Eyüp Can'la ilgili önce Stratfor belgesini beraber okuyalım. Reva
Bhalla ile görüşen kişinin ismi geçmiyor. Ama ben kesin bir
istihbaratla söylüyorum ki, o kişi Eyüp Can'dır. Aksini kimse
söyleyemez.
Bhalla'nın notları şöyle: 'Washington'da buluşuyorlar. 10 yıl
boyunca muhafazakar bir Gülenci olan yazar ancak birkaç yıl önce
değişim yaşamış. Gülen'den kurtulmak istiyor ama kurtulamıyor.
Buluşmanın ilk anlarında bir hayli paranoyak davranıyor. Gülen
modelinin açık bir şekilde çok başarılı olduğunun altını çiziyor.

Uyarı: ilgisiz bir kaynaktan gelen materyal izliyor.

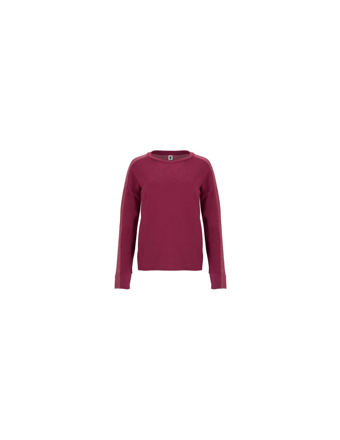 Sudadera de mujer, combinada con dos tejidos y dos colores. Cuello, mitad del puño y bajo espalda en tejido canalé 2x1. Puños con corte asimétrico. Bajo con aperturas laterales y espalda más larga que el delantero.

Fethullah Gülen'in şeker hastası olması nedeniyle hareket içinde
eskisi kadar aktif olmadığını, cemaatin çoğu ABD'de yaşayan 12
kişilik bir akil adamlar grubu oluşturduğunu da anlatıyor. Gülen
okullarının veri tabanını hazırlamaya çalıştığını, ancak
çabalarının boşa gittiğini belirtiyor. Cemaat bünyesinde hiyerarşi
çok katı. Hücre örgütlenmesi şeklinde çalışıyorlar. 'Ben beş
kişiden sorumluyum. Bir başkası da, benim seviyemde beş kişiden
sorumlu' diyor Eyüp Can. Üst düzey Gülenciler de hepsinin 'vesayeti
altındakilerin' maddi durumu ve sağlığıyla ilgili bilgi alıyor.

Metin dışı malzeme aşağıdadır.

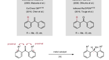 The Andersson group has earlier developed a selectivity model to rationalize the stereochemical outcome of hydrogenations of trisubstituted olefins and iridium-N,P complexes21,22,23. Calculations have suggested that the coordination of an unfunctionalized olefin towards an [IrH2(N,P)(Solvent)2]+ complex takes place in the same equatorial plane as the chiral bidentate N,P-ligand and trans to phosphorus (Fig. 3a). The resultant quadrant model rationalizes whether the steric bulk of the ligand is above or below the N-Ir-P plane (Fig. 3b). To minimize steric interactions, the substrate then preferentially coordinates with the smallest olefin substituent, in this case the vinylic proton, to the hindered environment and thus coordinates by one of the enantiotopic faces in favor. This mode of coordination is supported by computational findings of other research groups using different iridium complexes24,25,26,27. Most important, experimental support for this hypothetical coordination was reported by an elegant low-temperature NMR study of Pfaltz in which a fundamental intermediate, an IrIII dihydride alkene complex akin to the above-described, was identified28. Intriguingly, although the model correctly predicts the stereochemical outcome for most olefins, it cannot be used for the hydrogenation of olefins having a conjugated carbonyl group29,30. Whereas the correct absolute configuration can be predicted for the formation of β-disubstituted carbonyl compounds, hydrogenation of α-disubstituted unsaturated carbonyl compounds yield the opposite enantiomer compared to the prediction (Fig. 3c).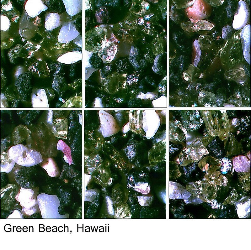 Mikroaufnahme des Sandes vom "Grünen Strand" auf Hawaii. Die grüne Farbe sind Körnchen des Edelsteins OLIVIN.

Onlara kafa tutabilecek buna benzer bir teşkilat yok. Polisin
içinde çok güçlüler. Yargı sisteminde de daha fazla Gülenci yargıç
olması için çalışıyorlar.'?
Aslında bu belge bile Eyüp Can'ın işlevini kanıtlıyor. Belki
gönüllü değil ama zorunlu bir emir subaylığı Eyüp Can'ınki. Zaten o
yüzden Radikal'in başında. Hiyerarşi çok katı ve ağabeyler isterse
bir günde Can'ı bitirir. Sözde solcu gözüken Radikal öyle kritik
zamanlarda öyle manşetler atıyor ki, cuntadan alkış alıyor Eyüp
Can. Öte yandan Can, Başbakan'a eskiden yakın olmuş birini de
dönüştürmeyi başardı. Bunu artık hangi yöntemlerle yaptı bilmem ama
başardı. Bu zor dönemde hakikatleri yazamayan biri haline getirdi o
kişiyi. Sözde Erdoğan'ı savunan o yazar epey iyi bilir bu cunta
gerçeğini ama herhalde korkudan susuyor."